瓶の光が震え、音が迷路のように廊下を巡る――古代魔術の反応だ。


「これは……古代詠唱の残響」

彼女は小さく息を呑む。

“言葉”ではなく、“音”として残る魔術――声を持たない彼女だからこそ、微細な震えも聞き取れるのだ。


「君の力なら、解読できるかもしれない」

ルクスの言葉に、ミナは軽く頷く。

手元の文字盤に指を走らせ、音符のように文字を書き、杖で叩く――音が文字を通じ、壁や床の古代魔術と共鳴する。


突然、廊下の奥で金属音が弾ける。

ルクスは即座に剣を抜き、ミナの前に立った。

「音が示す場所は……この扉の向こうか」


扉を開けると、そこには封印された古い書庫があった。

埃と古紙の匂いが混ざり合い、長い年月の静寂が漂う。

棚には色褪せた書物が並び、中央にはひときわ大きな魔法書が置かれていた。


ミナは静かに杖を差し、音錬を施す。

微かな光と音が魔法書に触れると、中の文字が淡く光り、囁きが明瞭になった。

それは古代の魔術――「ある夜明けに語る」という謎の詠唱の一部だった。


「……これが、学者たちの手掛かりか」

ルクスは目を見開き、書物を慎重に覗き込む。


ミナは微かに笑む。

声はない。
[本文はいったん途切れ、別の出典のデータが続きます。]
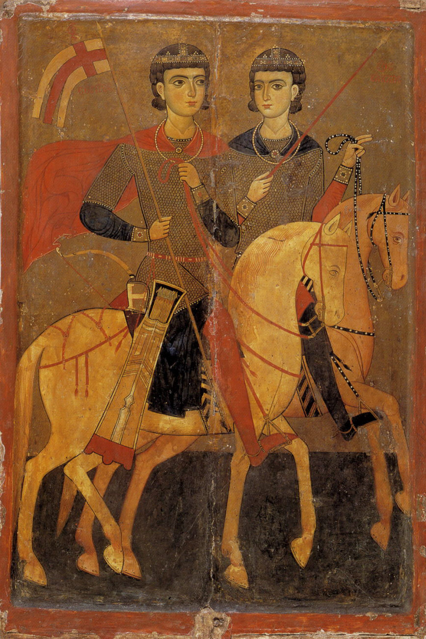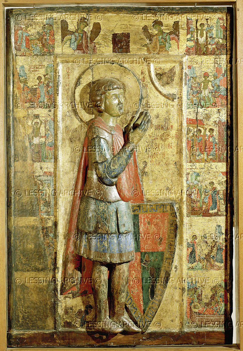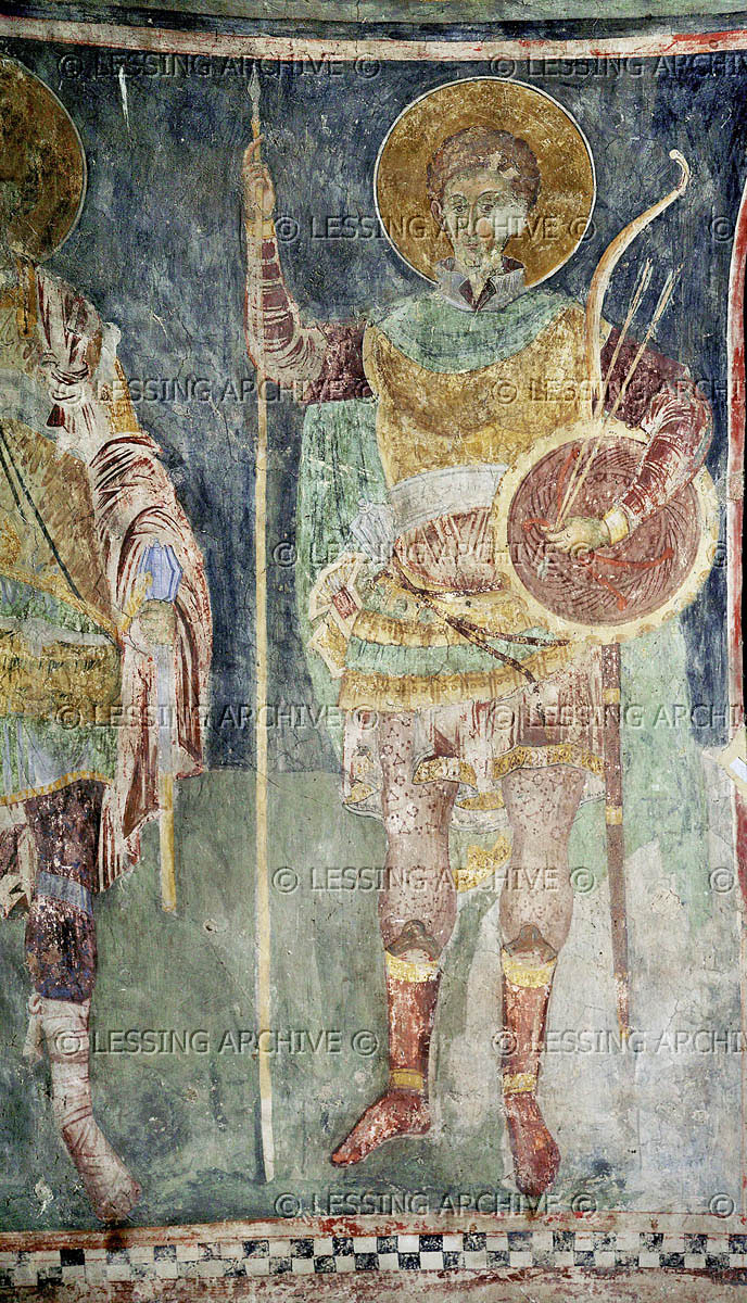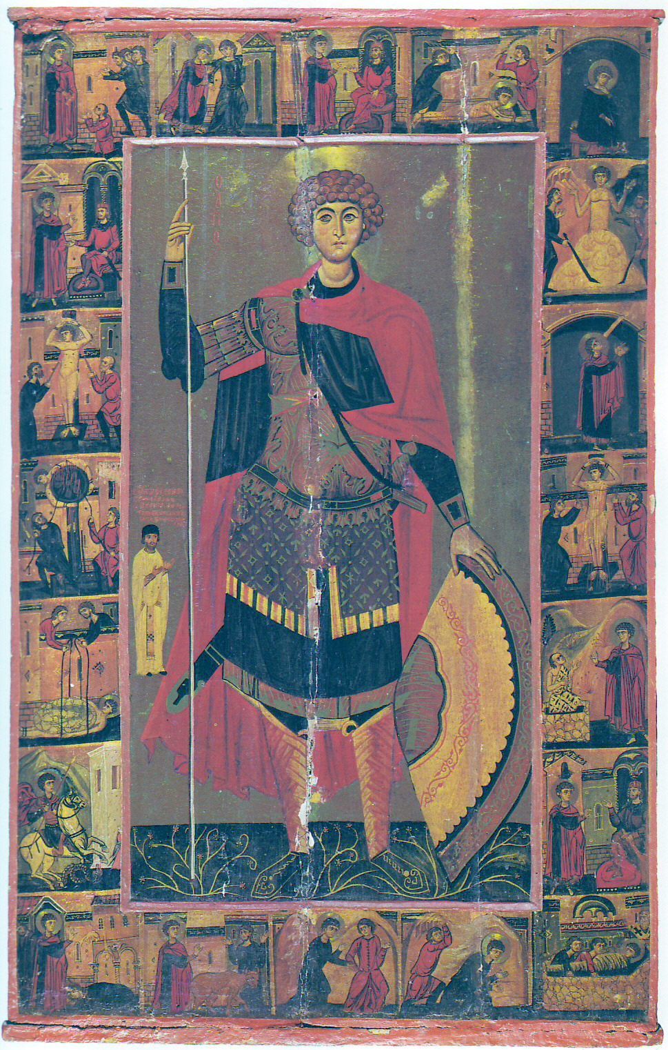 | Святой Георгий и святой Деметрий, настенная фреска. Кольчуга Георгия изображена на подобие "мускульного панциря" античности. circa 1180, Кастория, Греция, church of Agioi Anargyroi. | Св. Нестор. Фреска. Греция (Кастория). 1160-1180-е гг. | Икона Св. Георгия. изображающая сцены из его жития и мученичества. P First half of the 13th century. |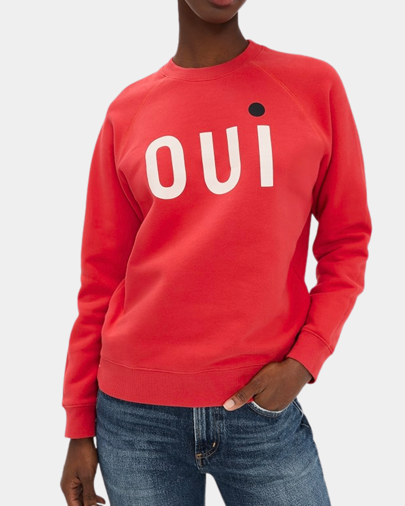 Say oui to this Clare V. stunner in bold super red and cream! Crafted from lightweight fleece-backed jersey with just the right amount of stretch, it's your new go-to for looking put-together while feeling totally at ease.

だが、音と魔術を通じて、確かに世界とつながる感覚がある――。

「私の声は失われても、この音で、真実に触れられる」

心の中で呟くと、杖が温かく光り、書庫全体に微かな共鳴音が広がった。


ルクスはそっとミナの肩に手を置く。

「君がいてくれて、よかった……」


ミナは顔を赤くし、文字で答える。

『……ありがとう』


沈黙の少女と少年騎士。

二人だけの静かな瞬間――それでも、世界は動き始めていた。

古代魔術の秘密、失踪事件の真相――そのすべてが、まだ夜明け前の闇に潜んでいるのだった。